The Returns to Public Library Investment
Gregory Gilpin, Ezra Karger & Peter Nencka
Federal Reserve Working Paper, April 2021


Local governments spend over 12 billion dollars annually funding the operation of 15,000 public libraries in the United States. This funding supports widespread library use: more than 50% of Americans visit public libraries each year. But despite extensive public investment in libraries, surprisingly little research quantifies the effects of public libraries on communities and children. We use data on the near-universe of U.S. public libraries to study the effects of capital spending shocks on library resources, patron usage, student achievement, and local housing prices. We use a dynamic difference-in-difference approach to show that library capital investment increases children's attendance at library events by 18%, children's checkouts of items by 21%, and total library visits by 21%. Increases in library use translate into improved children's test scores in nearby school districts: a $1,000 or greater per-student capital investment in local public libraries increases reading test scores by 0.02 standard deviations and has no effects on math test scores. Housing prices do not change after a sharp increase in public library capital investment, suggesting that residents internalize the increased cost and improved quality of their public libraries.

When Scale and Replication Work: Learning from Summer Youth Employment Experiments
Sara Heller
NBER Working Paper, April 2021


Because successful human capital interventions often fail to scale or replicate, public investment decisions require understanding how program size, context, and implementation shape program effects. This paper uses two new randomized controlled trials of summer youth employment programs in Chicago and Philadelphia to demonstrate how multiple experiments can help explain replicability and inform the expansion of promising approaches. Even when these programs grow or change models across contexts, participation consistently reduces criminal justice involvement. It may also decrease the need for child protective services and behavioral health treatment. Experimental variation in program model and local provider generates no detectable heterogeneity, suggesting that effects replicate partly because variability in implementation does not matter. There is, however, individual-level heterogeneity that explains differences in effect magnitudes across populations and informs optimal targeting; youth at higher risk of socially costly outcomes experience larger benefits. Identifying more interventions that combine this pattern of treatment heterogeneity with robust replicability could aid efforts to reduce social inequality efficiently.

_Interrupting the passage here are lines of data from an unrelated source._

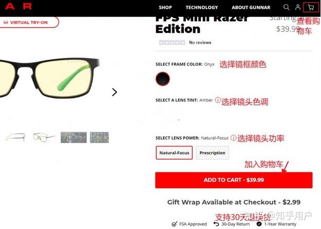 3、那时能在GUNNAR英国官方中文网站 *** 了,选择-款隐形眼镜点选ADD TO CART参加科季夫,左上角可步入查阅科季夫。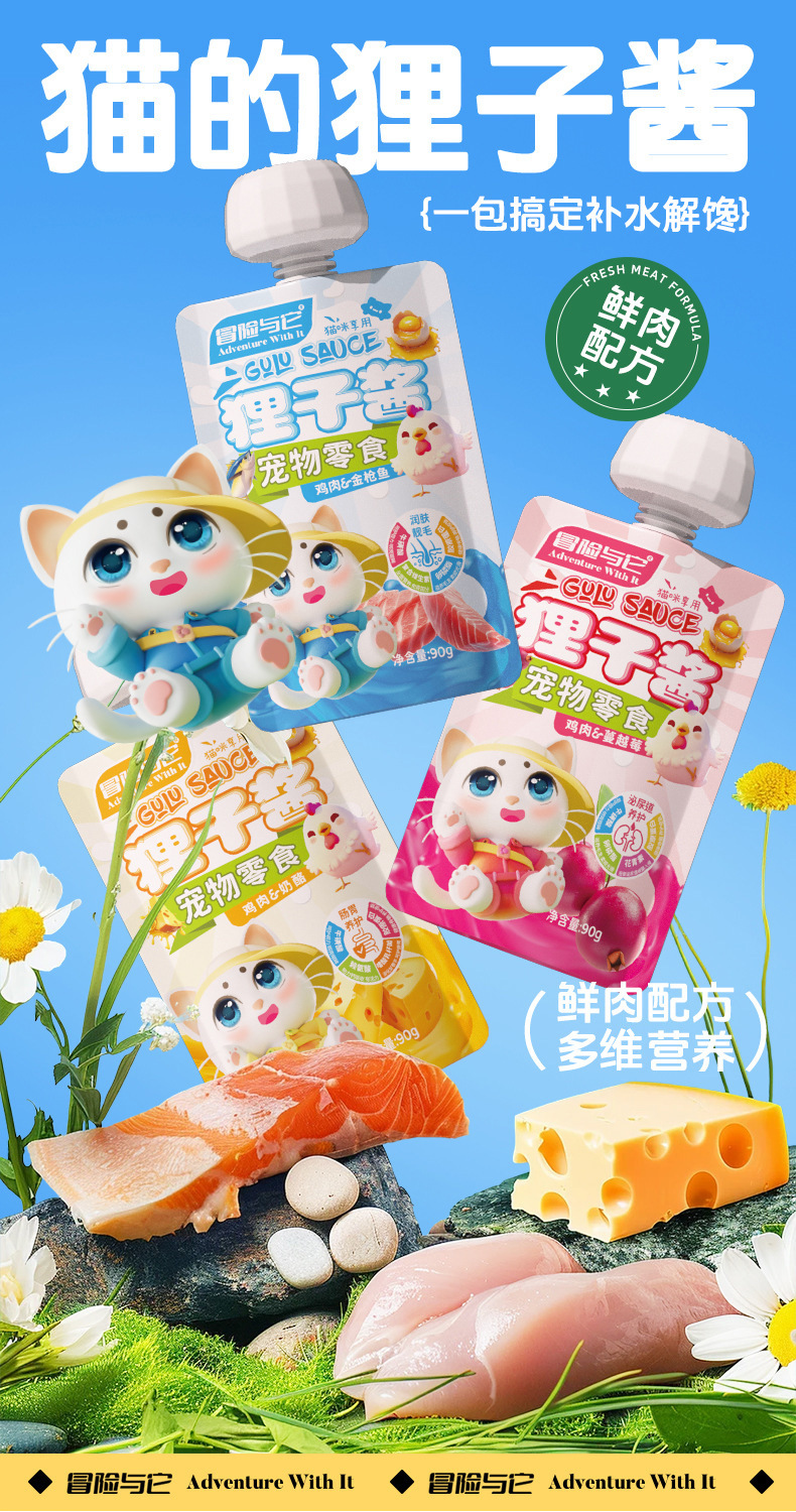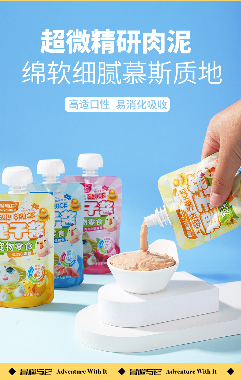 Приключение с этим бобровым соусом 90 г собачьих кошек закуски замечательные свежие соусы куриный тунец собачьи закуски кошки мокрый корм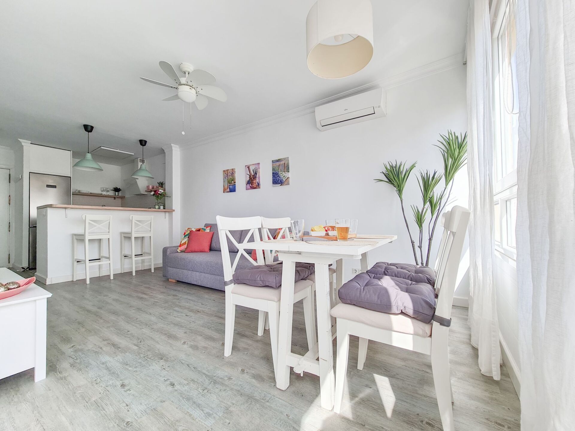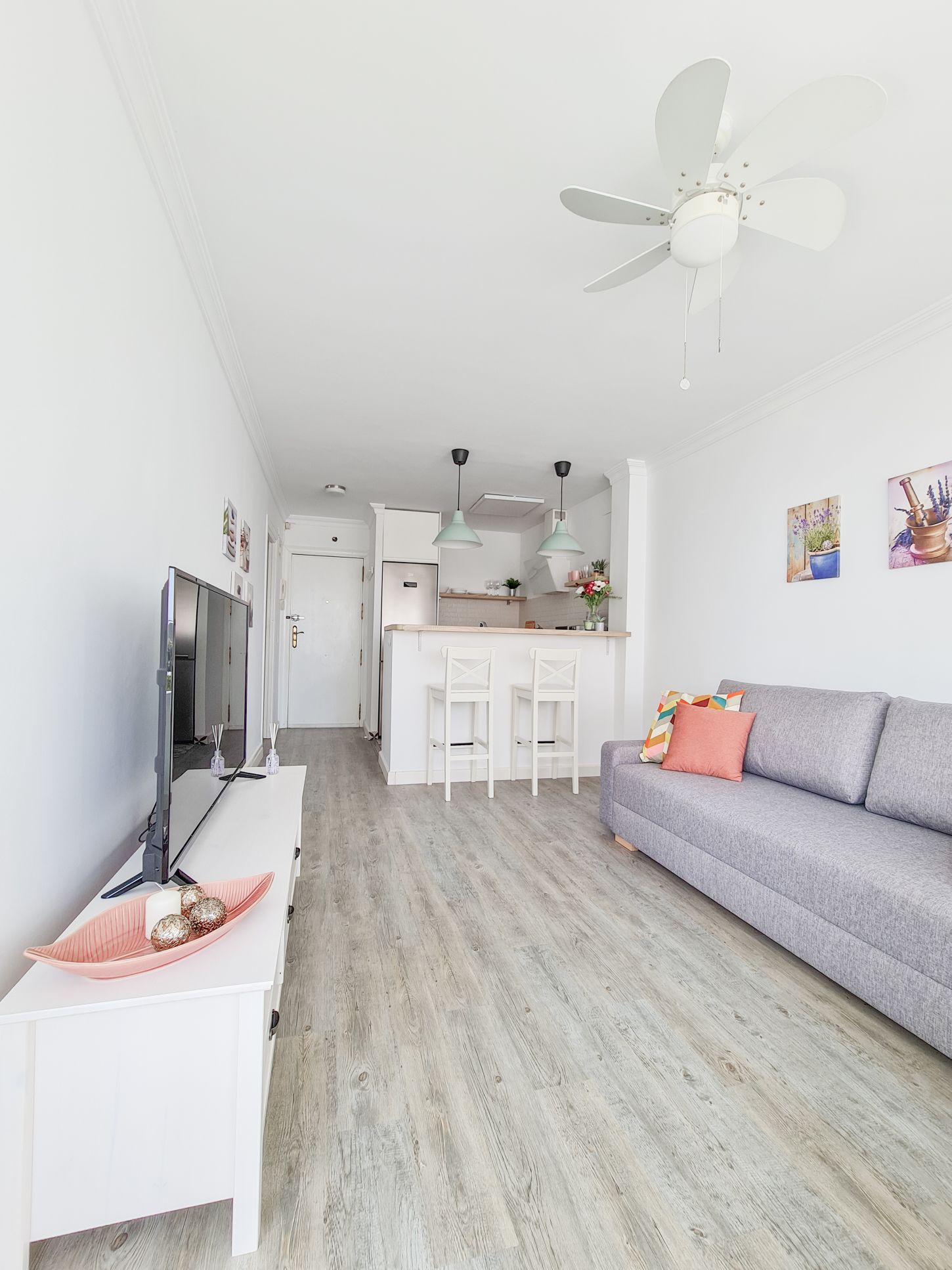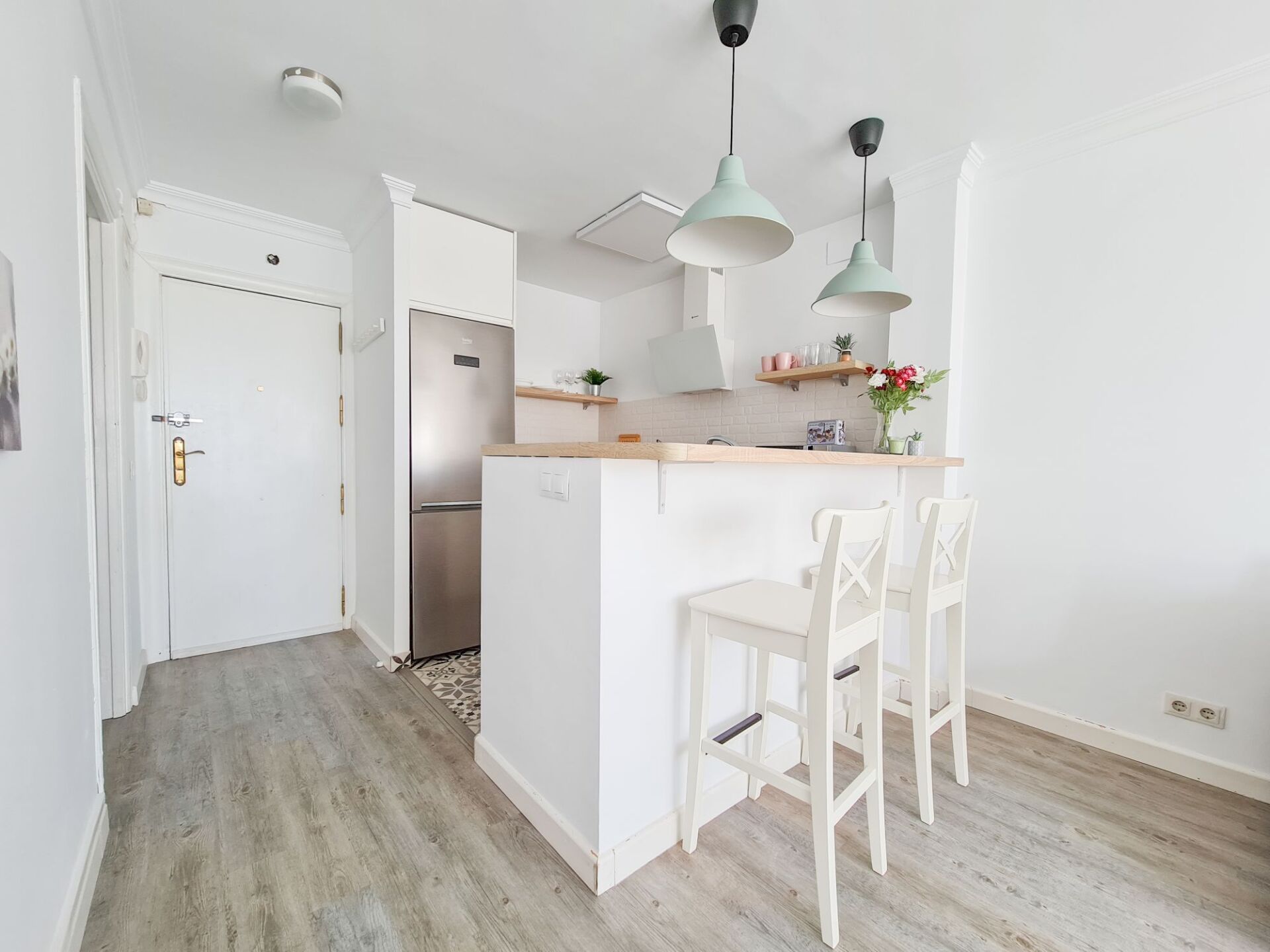 Apartamento de 1 dormitorio con cama doble, gran espacio de guardado, sofá cama en salón, cocina integrada y balcón integrado. Edificio con parque y piscina, supermercado dentro del edificio.

Are Artificially Intelligent Conversational Chatbots Uniformly Effective in Reducing Summer Melt? Evidence from a Randomized Controlled Trial
Aizat Nurshatayeva et al.
Research in Higher Education, May 2021, Pages 392-402


Our field experiment extends prior work on college matriculation by testing the extent to which an artificially intelligent (AI) chatbot's outreach and support to college students (N = 4442) reduced summer melt and improved first-year college enrollment at a 4-year university. Specifically, we investigate which students the intervention proves most effective for. We find that the AI chatbot increased overall success with navigating financial aid processes, such that student take up of educational loans increased by four percentage points. This financial aid effect was concentrated among would-be first-generation college goers, for whom loan acceptances increased by eight percentage points. In addition, the outreach increased first-generation students' success with course registration and fall semester enrollment each by three percentage points. Our findings suggest that proactive chatbot outreach to students is likely to be most successful in reducing summer melt among those who may need the chatbot support the most.